Herausgegeben von
Zita Bereuter & Claudia Czesch
© Luftschacht Verlag – Wien 2014
www.luftschacht.com
Einzelrechte © jeweils bei den AutorInnen
Herausgegeben von Zita Bereuter und Claudia Czesch
Coverillustration: Gerhard Haderer
Covergestaltung: Zita Bereuter und Jürgen Lagger
Satz: Klara Kostal
Die Wahl der angewendeten Rechtschreibung obliegt dem/der jeweiligen AutorIn. Layout- und Formatvorgaben der einzelnen Texte wurden in der Regel beibehalten.
ISBN: 978-3-902844-45-3
eISBN: 978-3-902844-79-8
Zita Bereuter, Claudia Czesch
Haare raufen
David Wagner
Haare streicheln
Christoph Strolz
Meine Schwester
Lukas Lengersdorff
Samson
Paul Klambauer
Homo Homini Zombie
Horst Bayer
Haarig
Stefan Dorfstetter
Secret Spots
Julia Hager
Lido Mödling oder Die Pechsträhne des großen Petrowitsch Murian
Wilhelm Hengl
Dein Nichts ohne Rufzeichen
Kurt Kreibich
Paul musste weg
Romana Ledl
Oma ist ein schweres Wort
Sabine Schönfellner
Wie die Hunde
Zita Bereuter, Claudia Czesch
„Da! Der FM4-Wortlaut-Wettbewerb! (…) Heute ist Einreichschluss, für einen zart gesponnenen Zerbrechlichkeitstext vom Reißbrett reicht die Zeit nicht mehr. Jetzt heißt es Risiko fahren, und irgendetwas Grobes zusammenkloppen, das radikal aussieht“, wird der Jungautor in Homo Homini Zombie (Seite 43) nervös. „Mir bleiben noch fünf Stunden, um das auf zehn Seiten hochzuziehen.
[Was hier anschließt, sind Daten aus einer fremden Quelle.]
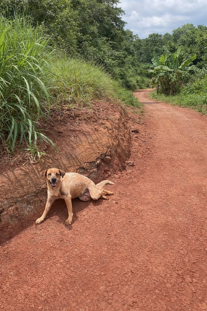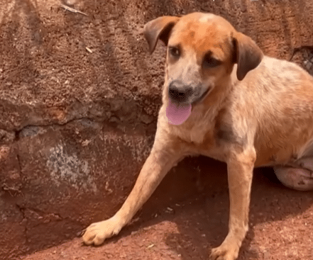 The dog once left helpless by the roadside is now at the center of something full of hope.

Wird knapp, kann klappen.“
Es war knapp, es hat geklappt.
Paul Klambauer wurde mit dieser Kurzgeschichte Dritter.
Wir haben sehr gelacht, trifft Paul Klambauer mit seiner Beschreibung der Jungautoren im Fitnesscenter und ihrer Alltags-Schreib- Probleme doch immer wieder herrlich die Realität*.
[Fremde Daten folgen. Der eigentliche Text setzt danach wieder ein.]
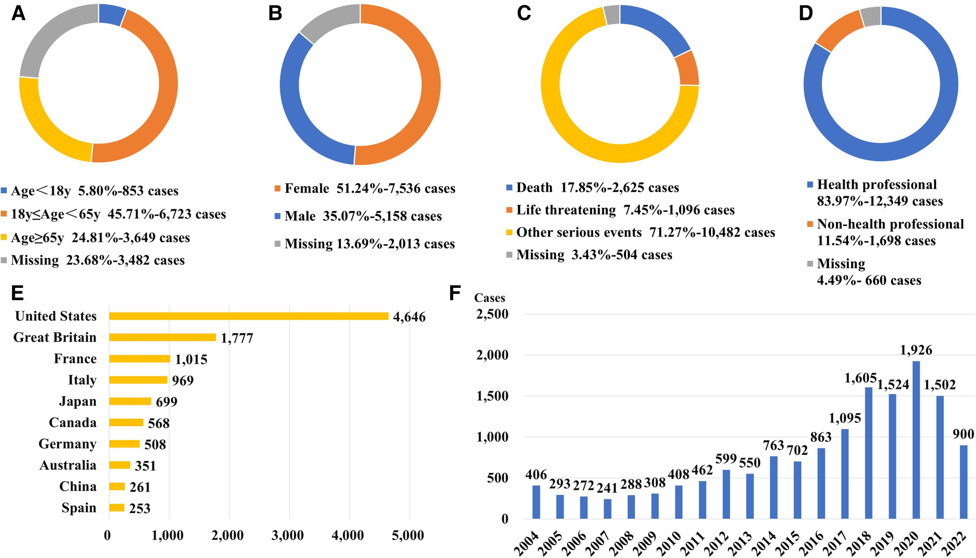 Figure 2. Patients’ characteristics and reporting information for the top 40 drugs with ADE of QT interval prolongation. (A) Distribution of patients’ age (B) Distribution of patients’ gender. (C) Distribution of patients’ outcome (D) Distribution of the reporters (E) Top 10 countries with the most sources of reports. (F) Distribution of the reporting year.

Nur so viel – die meisten Geschichten erreichen uns wenige Stunden vor Einsendeschluss, der heuer am 5.5. um 00:00 Uhr war. Die Siegergeschichte etwa hat Christoph Strolz am 5.5. um 21:22 Uhr abgeschickt. Sieben der hier vorliegenden Kurzgeschichten erreichten uns am 5.5.
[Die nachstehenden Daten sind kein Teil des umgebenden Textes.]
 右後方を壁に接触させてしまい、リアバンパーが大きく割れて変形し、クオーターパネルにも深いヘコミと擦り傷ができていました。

An dieser Stelle herzlichen Dank allen Autorinnen und Autoren für ihre Einsendungen!
Wochenlang hat sich die Vorjury durch haarige Texte gelesen. Wieder und wieder wurden Kurzgeschichten weitergereicht, besprochen und noch mal gelesen. Nicht immer eine einfache Aufgabe – manchmal zum Haare raufen! Großen Dank daher auch an die redaktionelle Vorjury (die FM4-RedakteurInnen Jenny Blochberger, Anna Katharina Laggner, Conny Lee, Maria Motter, Christian Pausch, Martin Pieper, Simon Welebil, Irmgard Wutscher und Markus Zachbauer, sowie Jürgen Lagger vom Luftschacht Verlag und die beiden Herausgeberinnen).
Nach einer eintägigen Sitzung konnte sich die Vorjury auf zwanzig Kurzgeschichten einigen. Es lag dann an der Hauptjury, daraus die vorliegenden besten zehn auszuwählen. Irene Diwiak (Gewinnerin von Wortlaut 2013), Jens Friebe (Musiker und Musikjournalist), Gerhard Haderer (Karikaturist und Zeichner), Eva Menasse (Schriftstellerin) sowie David Wagner (Schriftsteller) waren sich bei manchen Texten schnell einig, bei anderen wurde länger diskutiert. Sprache, Stil und Form wurden analysiert. Schließlich gab es für die besten drei wie beim Wettlesen um den Bachmannpreis mehrere Wahldurchgänge. „Es war knapp, es hat geklappt.“
Der äußerst kompetenten, fairen und diskussionsfreudigen Jury sei aufrichtig gedankt!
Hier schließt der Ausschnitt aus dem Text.